My Measurement Protocol

Step 1: Define What "Fast" Means

Before measuring, I define the target. "Make it faster" isn't a goal. "Feed loads in under 1 second at p50 on mid-range devices" is a goal.

Step 2: Measure the Current State

I use Android Profiler for CPU and memory, Perfetto for system-level traces, and custom timing logs for specific code paths.

object PerfTrace {
    fun <T> measure(label: String, block: () -> T): T {
        val start = System.nanoTime()
        val result = block()
        val elapsed = (System.nanoTime() - start) / 1_000_000.0
        logger.log("PERF [$label]: ${elapsed}ms")
        return result
    }
}
 
// Usage
val feed = PerfTrace.measure("feed_load") {
    repository.getFeed()
}

Step 3: Find the Bottleneck

Sort by time spent. The biggest number is where you start. Not the code that looks ugly. Not the code you're most familiar with. The code that takes the most time.

Step 4: Optimize the Bottleneck

Make one change. Measure again. Compare. If the number didn't move, revert and try something else.

Step 5: Verify You Didn't Break Anything

Performance optimizations frequently introduce bugs. Caching stale data. Deferring work that was actually needed immediately. Parallelizing operations that had ordering dependencies. After every optimization, I verify correctness, not just speed.

Measurements That Matter

p50 vs p99. The median tells you the typical experience. The 99th percentile tells you the worst experience. If your p50 is 200ms but your p99 is 3 seconds, 1 in 100 users is having a terrible time.

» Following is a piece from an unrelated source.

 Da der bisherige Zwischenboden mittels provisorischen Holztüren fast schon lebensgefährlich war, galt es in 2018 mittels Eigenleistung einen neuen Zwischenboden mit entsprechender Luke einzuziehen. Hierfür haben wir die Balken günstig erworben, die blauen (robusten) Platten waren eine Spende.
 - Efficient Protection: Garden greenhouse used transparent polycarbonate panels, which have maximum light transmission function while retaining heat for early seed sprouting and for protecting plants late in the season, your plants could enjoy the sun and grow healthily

Cold start vs warm start. The first load after app launch is always slower (class loading, cache misses, DI initialization). Measure both separately.

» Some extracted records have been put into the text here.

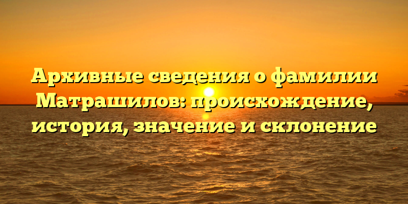 Изучение генеалогии семьи помогает нам не только понимать свои корни, но и погрузиться в исторические факты, которые объясняют некоторые особенности нашей жизни. Фамилия Матрашилов — одна из многих, которые вырыли свои корни из истории и культуры. В данной статье мы предлагаем обзор архивных сведений об истории и происхождении фамилии Матрашилов, а также представим краткое описание значения и способы склонения.
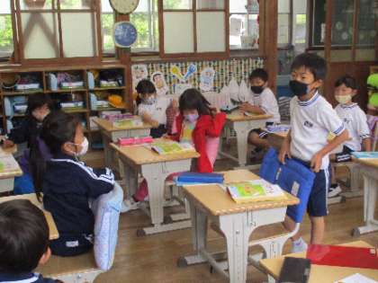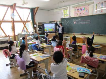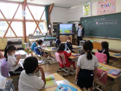 5月10日(火)、1年生は「何番目」の学習です。右から、左から、上から、下からなど、何番目に何があるかを尋ねると、みんな一斉に手が挙がります。やる気満々の1年生です。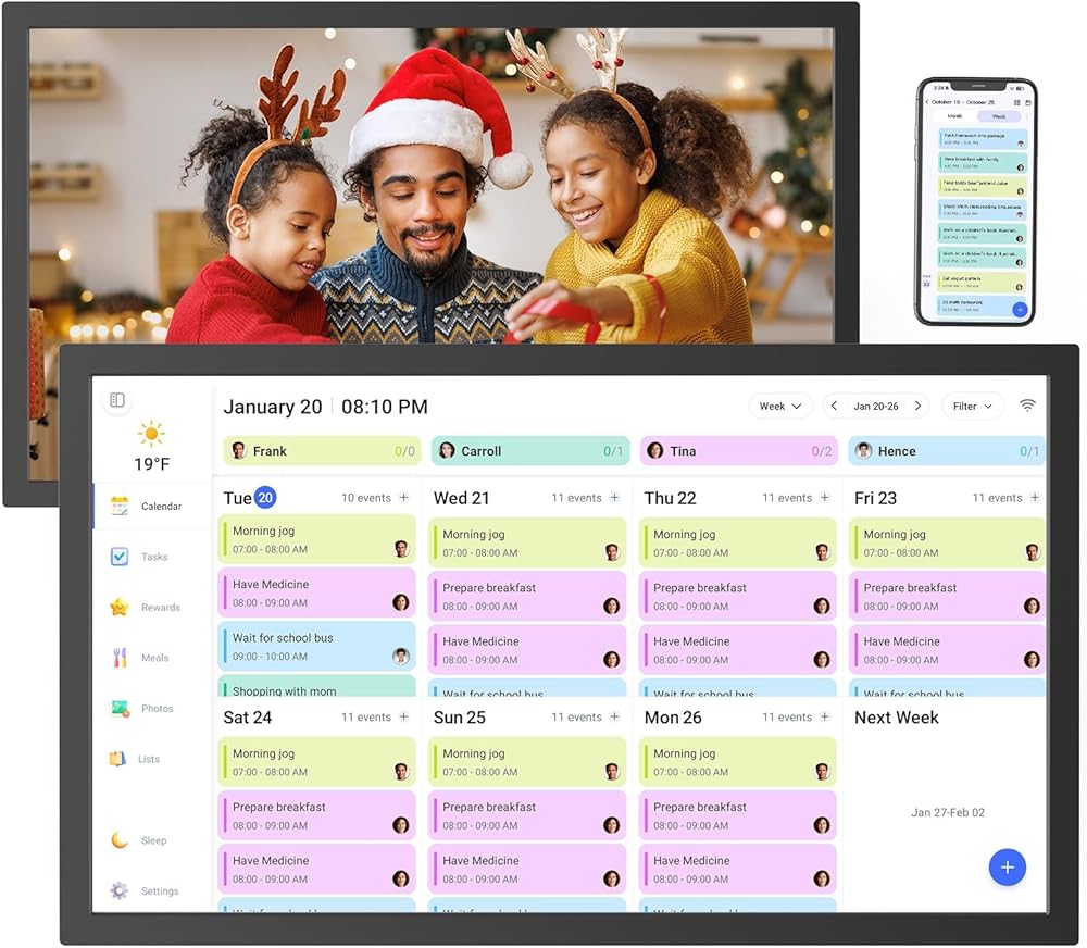 【All-In-One Smart Digital Calendar】: This large electronic calendar combines digital calendar, smart chore chart, digital photo frame, habit tracker, meal planner alarm clock on one 27 inch touch screen customized dashboard that seamlessly help organize and track every family, learning, sport or office schedule easily. Our smart digital calendar assign different colors and tasks to each members, so that everyone know their own duty very well, makes life simple and organized.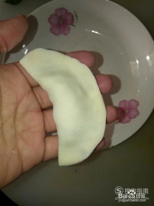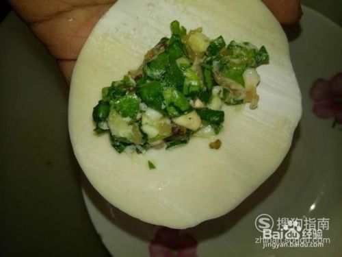 取一个饺子皮,用勺子舀入适量的馅料,放在饺子皮的正中间;将饺子皮对折,再捏合即可;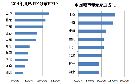 中國養(yǎng)寵用戶主要居住在沿海經(jīng)濟發(fā)達地區(qū)。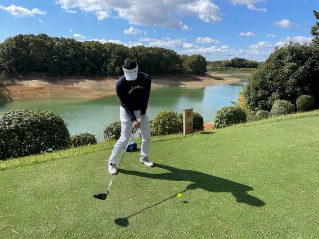 10番351yミドルは、ドライバーはショボい球でバンカーイン。9アイアンで脱出。56度で3オン。ボギー。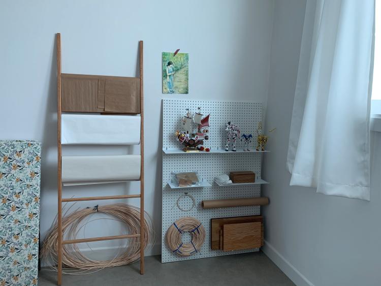 서재 겸 작업실입니다. 포장지를 사다리에 정돈해놓고 건담조립한 것도 타공판에 정리해두었어요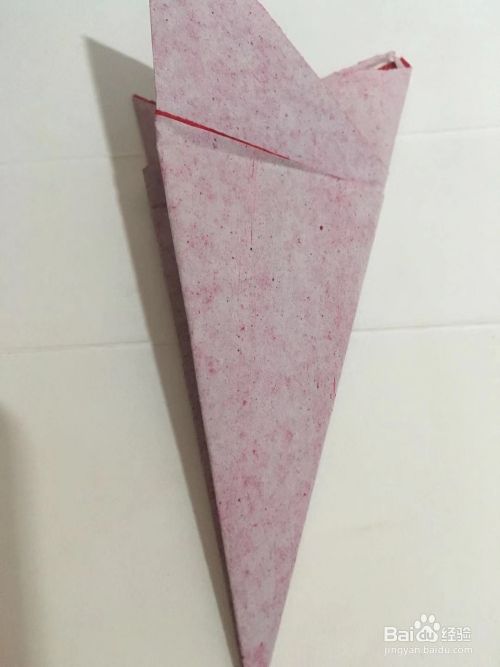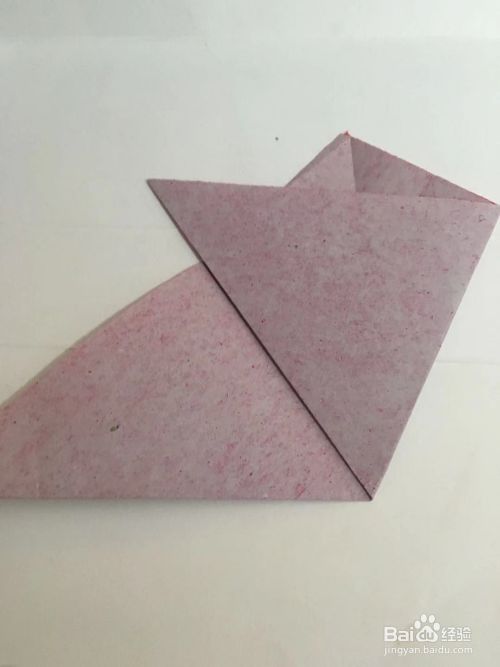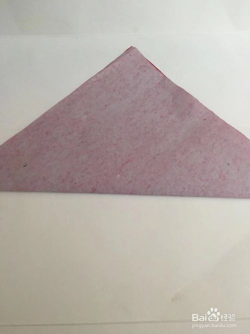 第一步 用一张16厘米宽 16厘米长的正方形红色彩纸 对角线竖起来摆放 然后从下向上对角折叠

Low-end vs high-end devices. A Pixel 9 with 12GB RAM hides problems that a $150 phone with 3GB RAM makes painfully visible.

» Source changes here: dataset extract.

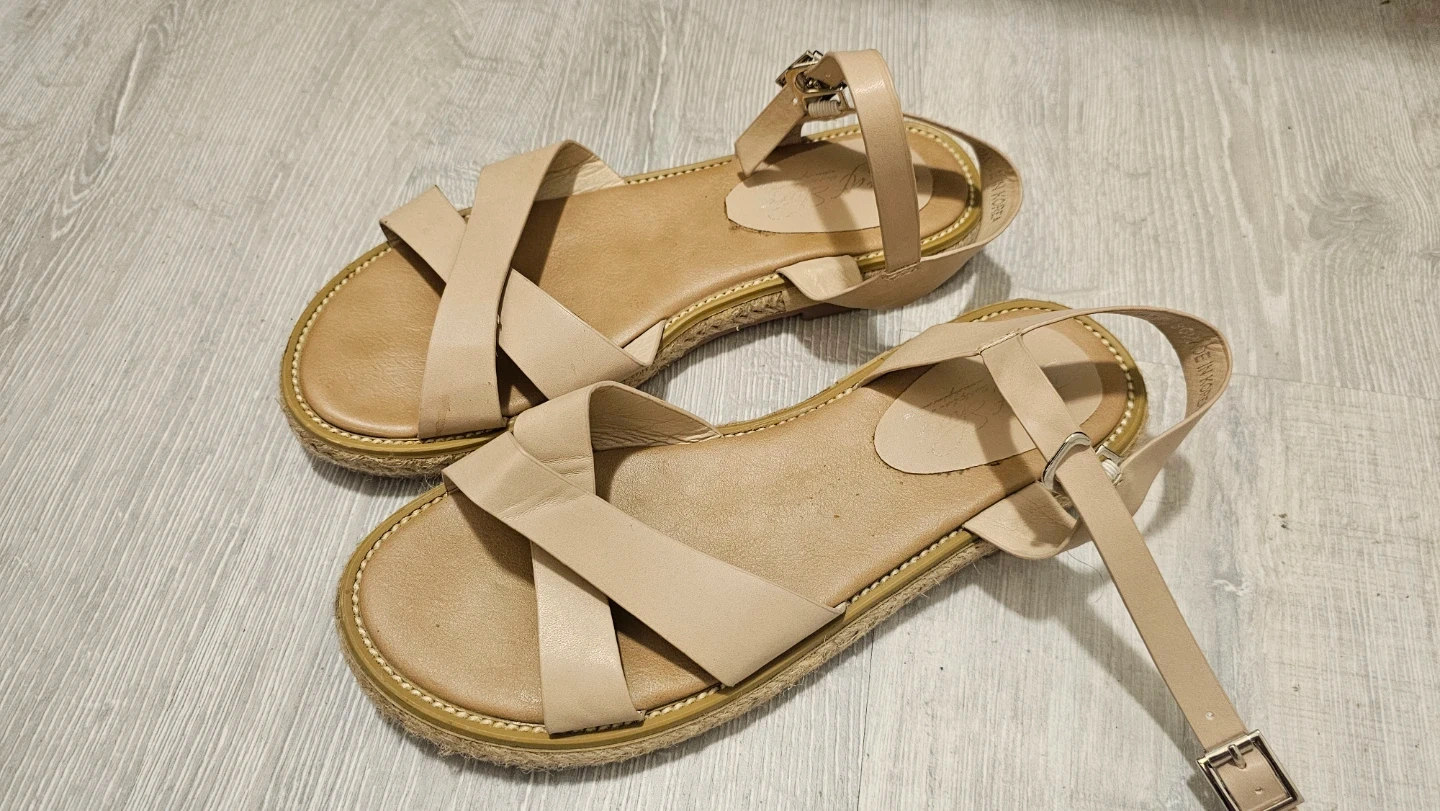 These stylish beige sandals feature a strappy design with an ankle buckle. They have a comfortable espadrille sole.

Under memory pressure. Your app performs differently when the OS is actively reclaiming memory. Test with other apps consuming resources in the background.

The Optimization I'm Most Proud Of

The one where I measured, found the bottleneck, and the fix was deleting code. We had a "performance optimization" from years earlier that pre-computed and cached layout measurements. The cache had grown to 15MB of data that was stale 90% of the time. Removing the cache made the app faster because it eliminated cache lookup overhead and reduced memory pressure.

The previous engineer's intuition was that caching would help. It did, briefly. Then the data grew, the cache hit rate dropped, and the "optimization" became the problem.

That's why you measure. Not once. Continuously.